Menu

#2720 At Ruins, expedition is lost; gives "The Server can not do that" message

Fixed_0.11.0
closed-fixed
nobody
5
2015-04-26
2014-10-20
Simon Small
No

A Scout investigates a Ruins. The result is the expedition disappears! (expected. Does not have to be a scout)

A message is shown, saying "The server can not do that."

The log file shows:
net.sf.freecol.server.model.ServerUnit csExploreLostCityRumour
INFO: Unit unit:6481 is exploring rumour EXPEDITION_VANISHES
Mon Oct 20 11:49:50 BST 2014
Thread: 29
net.sf.freecol.server.ai.AIUnit dispose
WARNING: Disposing of unit:6481 but owner is null!
Mon Oct 20 11:49:50 BST 2014
Thread: 29
net.sf.freecol.common.networking.DOMMessage clientError
WARNING: Not a net.sf.freecol.common.model.Unit: unit:6481
Mon Oct 20 11:49:50 BST 2014
Thread: 30
net.sf.freecol.common.networking.ServerAPI askExpecting
WARNING: ServerAPI. setDestination error, messageId: server.reject message: Not a net.sf.freecol.common.model.Unit: unit:6481
Mon Oct 20 11:49:50 BST 2014
Thread: 12

Discussion

  • Mike Pope

    Mike Pope - 2014-10-21

    This has been reported before, but no one has ever reported a reproducible case. "Expedition vanishes" LCRs work for me.

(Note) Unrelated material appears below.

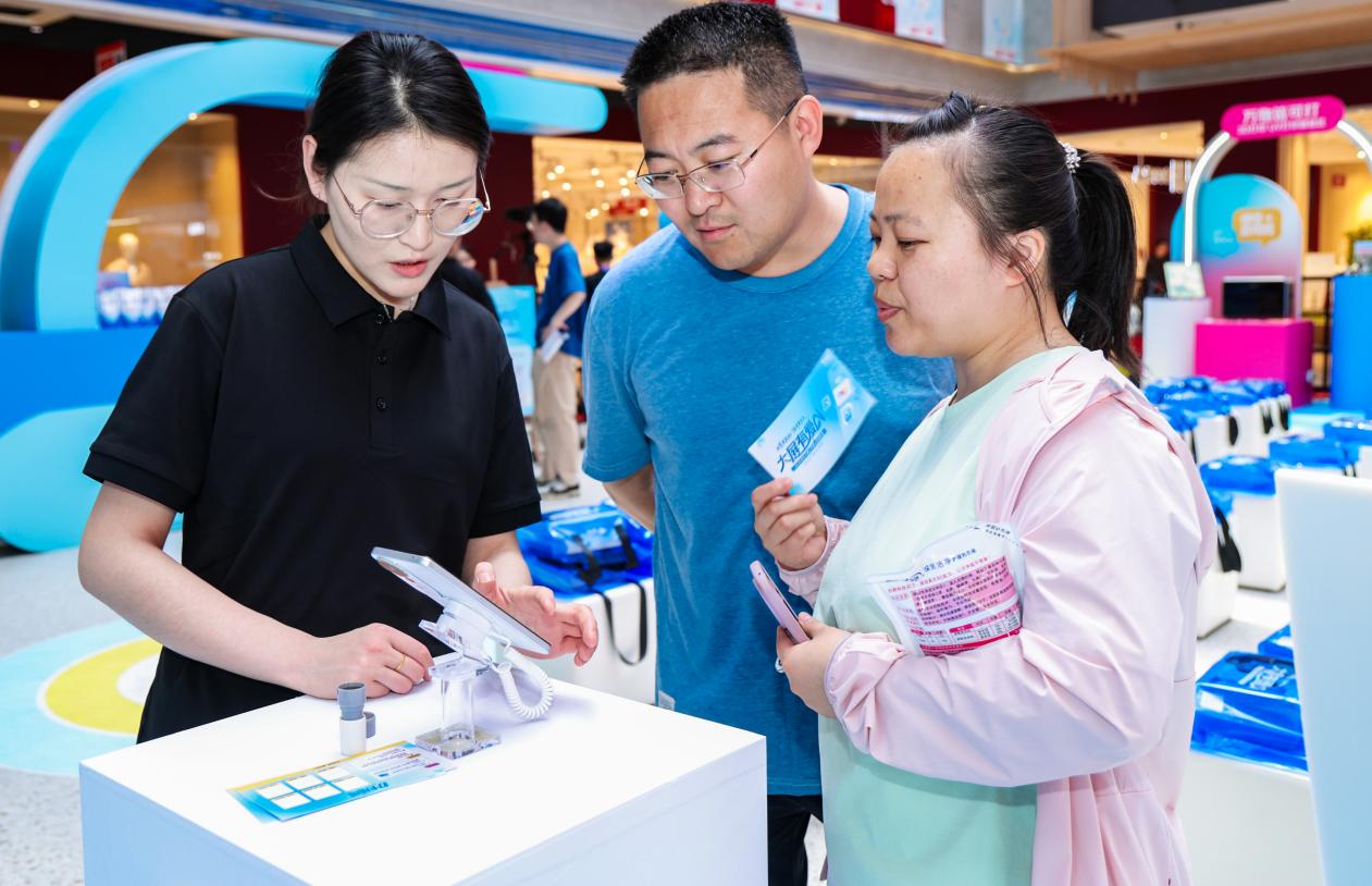 京东采销将荣耀畅玩70 Plus、OPPO A6l等大屏AI手机产品带到现场,为用户详细介绍功能亮点。
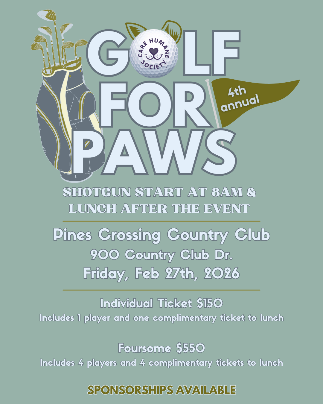 CARE Humane Society is excited to invite you to join or sponsor our 4th Annual Golf for Paws Tournament—one of our largest and most successful fundraisers of the year. This impactful event plays a critical role in funding lifesaving medical care, daily shelter operations, and resources for animals who have nowhere else to turn. Whether you choose to sponsor or participate, your involvement directly supports CARE’s mission and helps us continue saving lives in our community.

Can you reproduce this failure from an earlier saved game?

    Also, it is usually better to provide the whole log file (use "Add attachments"). The message about unit:6481 is interesting, and makes me wonder what unit:6481 did prior to moving to the LCR. But I do not have that option.

     
  • Simon Small

    Simon Small - 2014-10-23

    LCR? Does this refer to the Ruins?

    It is difficult to repeat this outcome as the result of the exploration is random. Perhaps the code could be changed (in a users environment) to always give this result. I don't have the log file any more as it was overwritten when I started a new game. I'll take a copy next time something happens; I did not think the remaining log looked relevant

     
  • Mike Pope

    Mike Pope - 2014-10-23

    LCR? Does this refer to the Ruins?

    Lost City Rumour

    It is difficult to repeat this outcome as the result of the exploration is random.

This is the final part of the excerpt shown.